The second exception addresses Discretionary Transactions, where the logistics of plan administration may prevent a reporting person from selecting the date of execution.42 A reporting person may not reasonably expect a Discretionary Transaction to be executed immediately, but instead at a time consistent with the plan's particular administrative procedures.
In each case, a reporting person must report the transaction on Form 4 before the end of the second business day following the deemed date of execution, as calculated under the applicable rule, for the transaction.46 Defining the date of execution as the notification date enables a reporting person to report on Form 4 a transaction of which he or she otherwise would not have notice. However, neither exception will be available if the reporting person has selected the date of transaction execution, for example where a Rule 10b5-1(c) arrangement provides for a sale on the first business day of each month.
Regarding Rule 10b5-1(c) transactions, the new rule will be available broadly to any transaction that satisfies the affirmative defense conditions of Rule 10b5-1(c), including transactions pursuant to employee benefit plans and dividend or interest reinvestment plans that are not exempt from Section 16(a) reporting. Following effectiveness of Section 403 of the Act, acquisitions pursuant to Qualified Plans, Excess Benefit Plans, Stock Purchase Plans51 and the reinvestment of dividends or interest pursuant to broad-based dividend or interest reinvestment plans52 will remain exempt from Section 16(a) reporting. In contrast, transactions pursuant to non-qualified deferred compensation plans and other dividend or interest reinvestment plan transactions (such as acquisitions pursuant to voluntary contributions of additional funds) will be reportable on Form 4 within two business days after the date of execution. However, to the extent that such a transaction satisfies the affirmative defense conditions of Rule 10b5-1(c), the date of execution for Form 4 reporting purposes may be calculated on the modified basis.
The Act also amends Section 16(a) to require, not later than one year following enactment, electronic filing of change of beneficial ownership reports, and website posting of such reports by both the Commission and issuers.53 We have announced our intention to begin rulemaking to make the filing of Section 16(a) reports on EDGAR mandatory,54 and are proceeding expeditiously with that rulemaking and related system programming to assure adoption within the one-year period mandated by the Act.

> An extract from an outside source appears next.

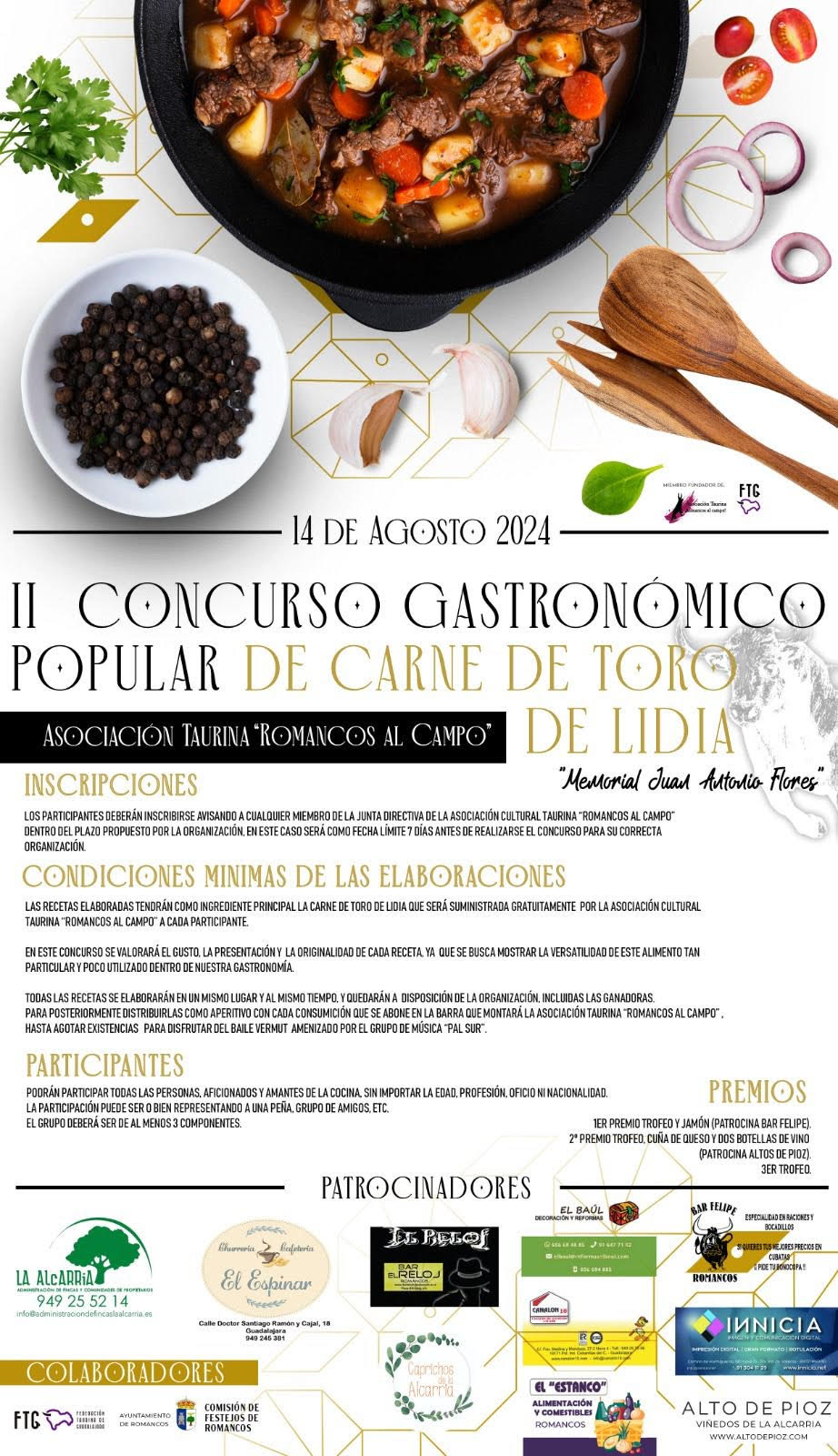 Tras el éxito de la I edición, celebrada el año pasado, tanto en participación como en creación de innovadoras recetas, la Asociación Cultural Taurina “Romancos al Campo” se complace en presentarles la II edición del Concurso Gastronómico Popular de Carne de Toro de Lidia “Romancos al campo” en memoria de D.Juan António Flores, “El Camarada”, gran amigo de la asociación y de Romancos que recientemente nos dejó y que siempre estuvo muy vinculado a la realización de la tradicional caldereta de toro de fin de fiestas de Romancos, siendo socio de la Asociación Cultural Taurina «Romancos al Campo» y miembro del jurado de la l Edición del Concurso Gastronómico popular de carne de toro de lidia “Romancos al campo”. El evento tendrá lugar en el parque de la Iglesia de Romancos el próximo miércoles 14 de agosto.Este parque, con su frondosa vegetación, es un oasis de frescura enclavado en mitad de la Alcarria y que se situa frente a la Iglesia de Nuestra Señora de la Asunción, un magnífico ejemplo de “Gótico isabelino” que data de finales del siglo XIV y principios del siglo XV, en pleno reinado de los Reyes Católicos. El programa diseñado por la organización para este día tan especial,que combina gastronomía, amistad,tradicion y tauromaquia, es el siguiente:

Meanwhile, we encourage reporting persons and companies filing Section 16(a) reports on their behalf to make these filings electronically.55 To facilitate EDGAR conversion under the current filing system, we will accept electronically-filed Section 16(a) reports that are not presented in the standard box format and omit the horizontal and vertical lines separating information items, so long as the captions of the items and all required information are presented in the proper order. Reporting persons who plan to file their Section 16(a) reports electronically should submit Forms ID requesting EDGAR access codes as soon as possible to minimize processing delays.56 When making a request, please indicate whether the person for whom codes are requested is a reporting person with respect to any other companies, and whether a CIK number already has been assigned to that person. We also encourage companies to post Section 16(a) reports on their websites before the July 30, 2003 statutory implementation date.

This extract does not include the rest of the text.